Exercise goal: Look through the listing below for the line containing "Trivandrum Back to School Drive". Copy it and each line after it up to and including the line containing "Hypericum androsaemum 'Snospzam' Snow Splash™", exactly, leaving out pictures.

Task inputs:
---------------
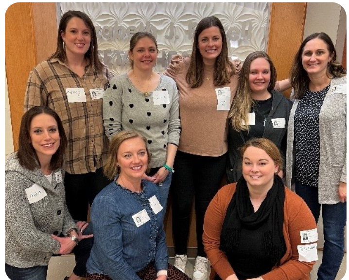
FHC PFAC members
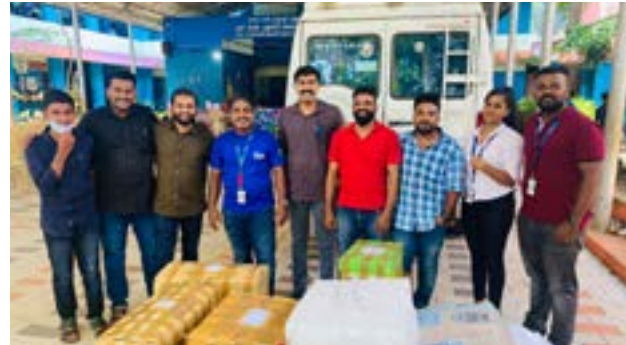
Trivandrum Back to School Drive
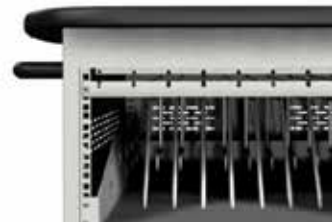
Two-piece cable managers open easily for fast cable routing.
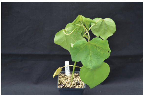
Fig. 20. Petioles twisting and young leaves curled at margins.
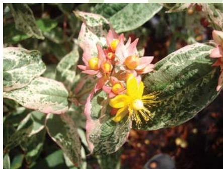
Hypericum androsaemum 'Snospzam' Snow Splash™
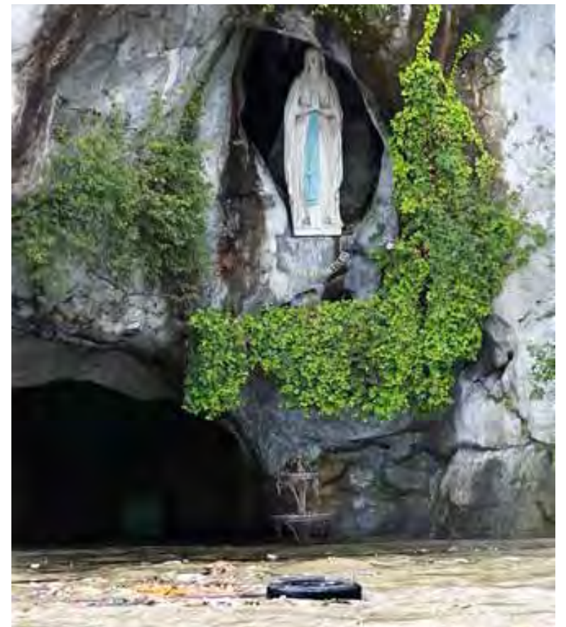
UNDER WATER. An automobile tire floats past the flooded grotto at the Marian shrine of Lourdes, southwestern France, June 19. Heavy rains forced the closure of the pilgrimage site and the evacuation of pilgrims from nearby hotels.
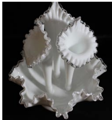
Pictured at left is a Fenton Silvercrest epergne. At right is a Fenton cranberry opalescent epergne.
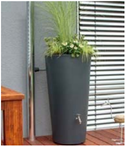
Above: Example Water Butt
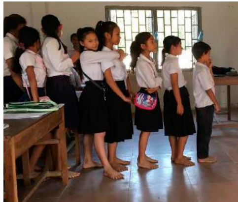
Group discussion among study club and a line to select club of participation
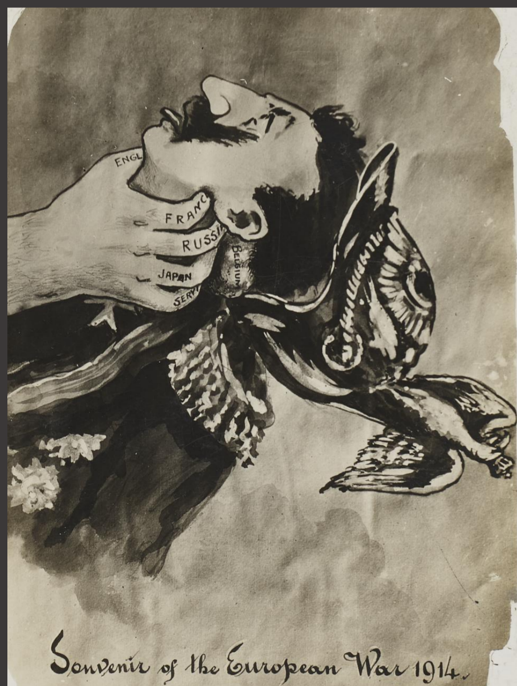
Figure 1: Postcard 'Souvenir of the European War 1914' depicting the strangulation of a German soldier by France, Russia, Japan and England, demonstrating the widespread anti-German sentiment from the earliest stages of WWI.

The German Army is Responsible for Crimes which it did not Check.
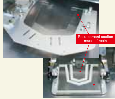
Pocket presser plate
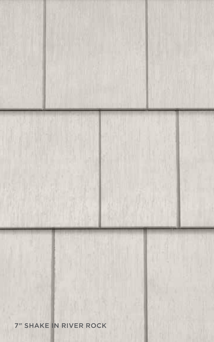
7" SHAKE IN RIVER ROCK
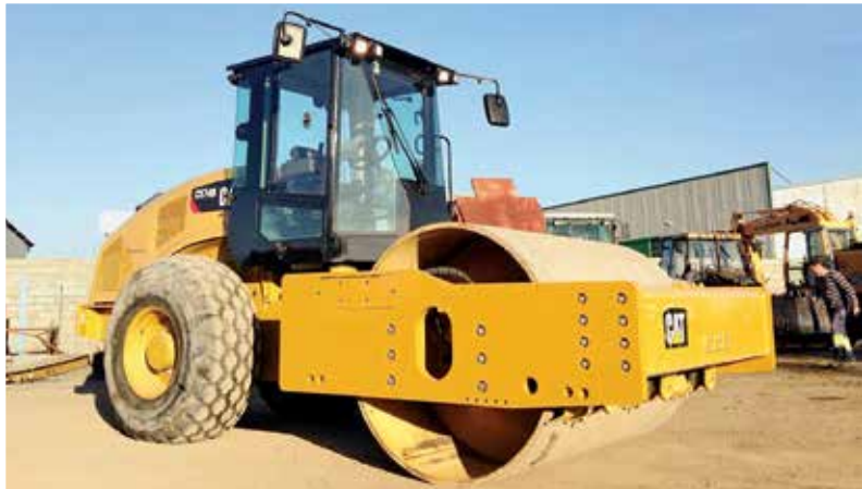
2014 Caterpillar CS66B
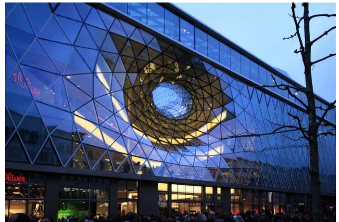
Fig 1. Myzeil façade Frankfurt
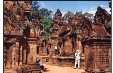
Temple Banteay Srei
---------------
The answer:
Trivandrum Back to School Drive
Two-piece cable managers open easily for fast cable routing.
Fig. 20. Petioles twisting and young leaves curled at margins.
Hypericum androsaemum 'Snospzam' Snow Splash™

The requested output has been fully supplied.